Work to be completed —
Transcribe the lines below exactly. No image belongs in the transcription.

BEGIN Supplied records

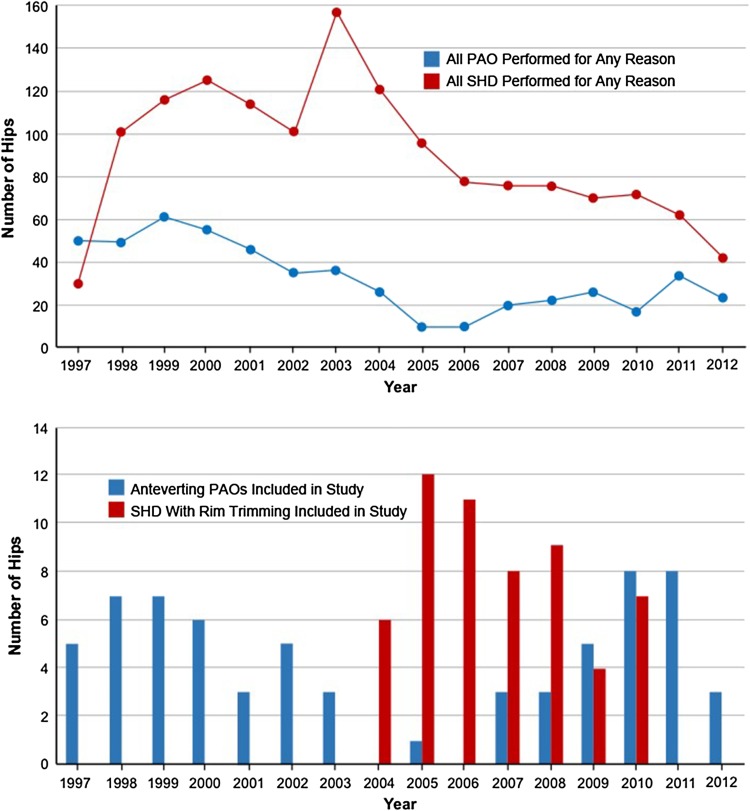 The total number of patients undergoing PAO and surgical hip dislocation (SHD) and the number of patients included in this study between 1997 and 2012 are shown.
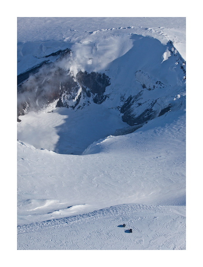 * Eyjafjallajökull: Krater schneefrei, in der Mitte ein Riss, aus dem immer noch starke Rauch-/Dampfwolken hochsteigen. Am Kraterrand standen 2 Superjeeps, außerdem waren aus der Luft mehrere Skitourengänger erkennbar
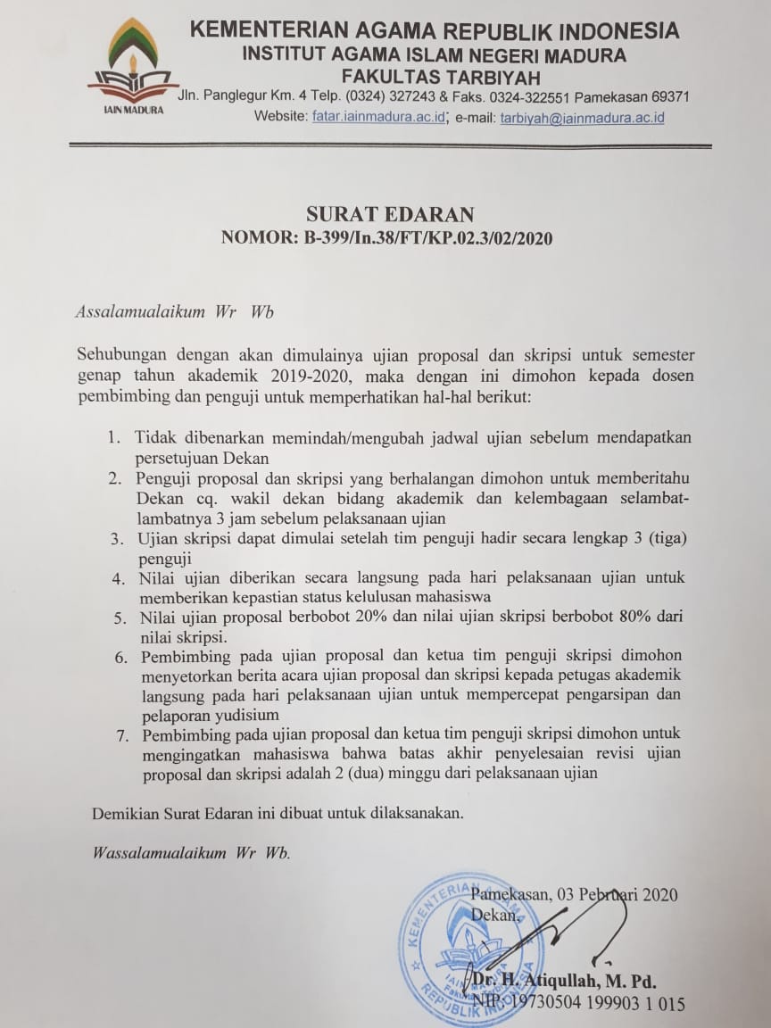 Surat Edaran tentang Pelaksanaan Ujian Proposal dan Skripsi
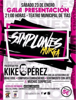 De nuevo, la Murga Los Simplones hará su presentación en el Teatro Municipal de Tías en una gala donde no faltarán las sorpresas, las actuaciones y el humor. Repite como maestro de ceremonias el gran humorista Kike Pérez y que contará con las actuac...
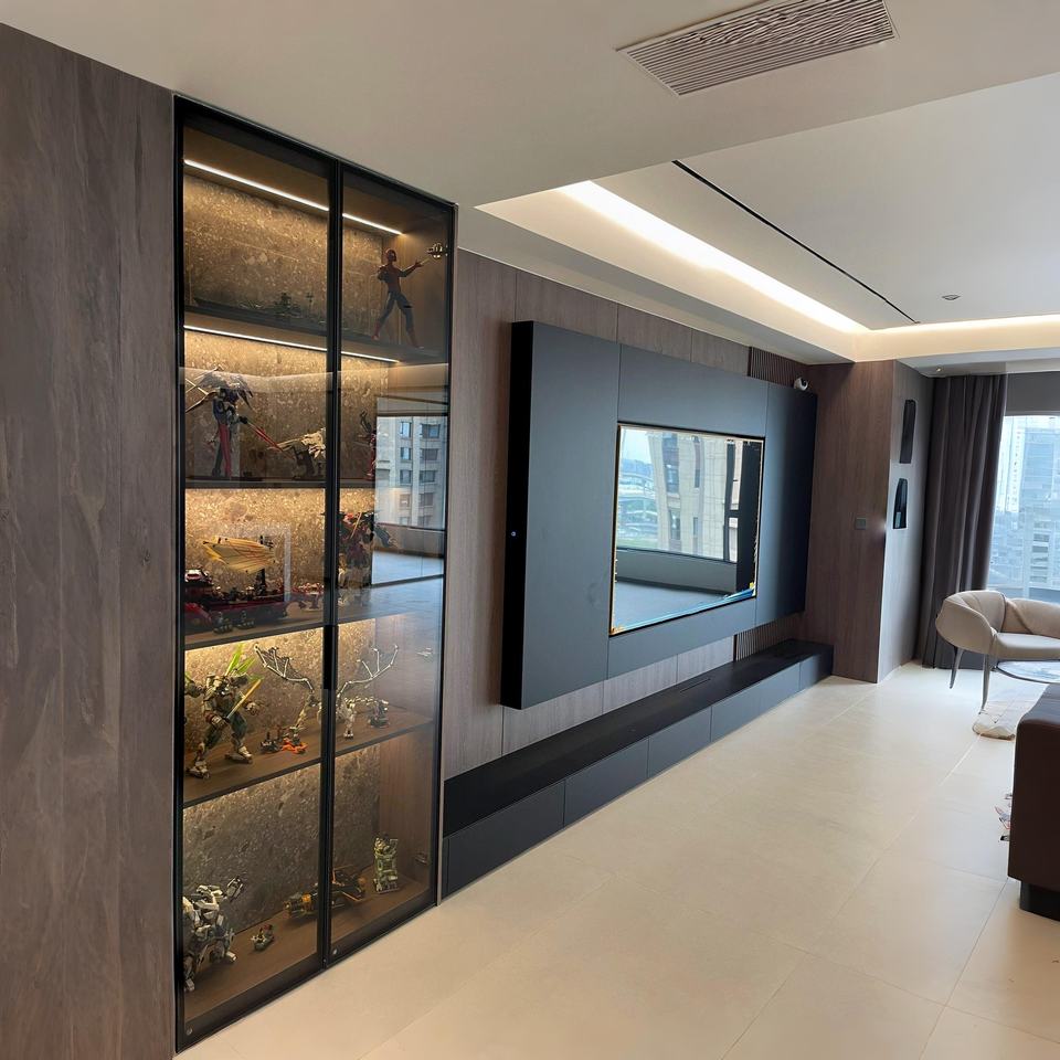 Gabinete de soporte de TV moderno montado en la pared personalizado con muebles de madera de elevación para el hogar Estilo nórdico
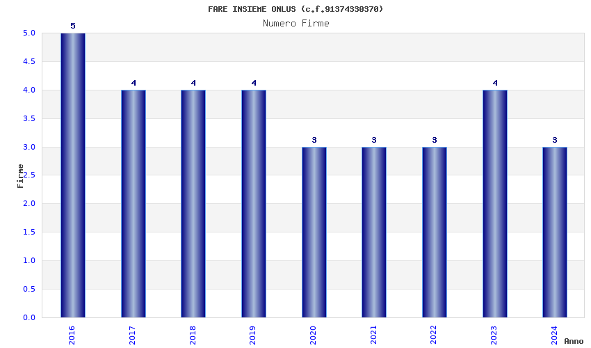 | Anno | Firme | Importi | Media | Naz. | Reg. | Prov. | Comu. |

END Supplied records

Response to the task —
 The total number of patients undergoing PAO and surgical hip dislocation (SHD) and the number of patients included in this study between 1997 and 2012 are shown.
 * Eyjafjallajökull: Krater schneefrei, in der Mitte ein Riss, aus dem immer noch starke Rauch-/Dampfwolken hochsteigen. Am Kraterrand standen 2 Superjeeps, außerdem waren aus der Luft mehrere Skitourengänger erkennbar
 Surat Edaran tentang Pelaksanaan Ujian Proposal dan Skripsi
 De nuevo, la Murga Los Simplones hará su presentación en el Teatro Municipal de Tías en una gala donde no faltarán las sorpresas, las actuaciones y el humor. Repite como maestro de ceremonias el gran humorista Kike Pérez y que contará con las actuac...
 Gabinete de soporte de TV moderno montado en la pared personalizado con muebles de madera de elevación para el hogar Estilo nórdico
 | Anno | Firme | Importi | Media | Naz. | Reg. | Prov. | Comu. |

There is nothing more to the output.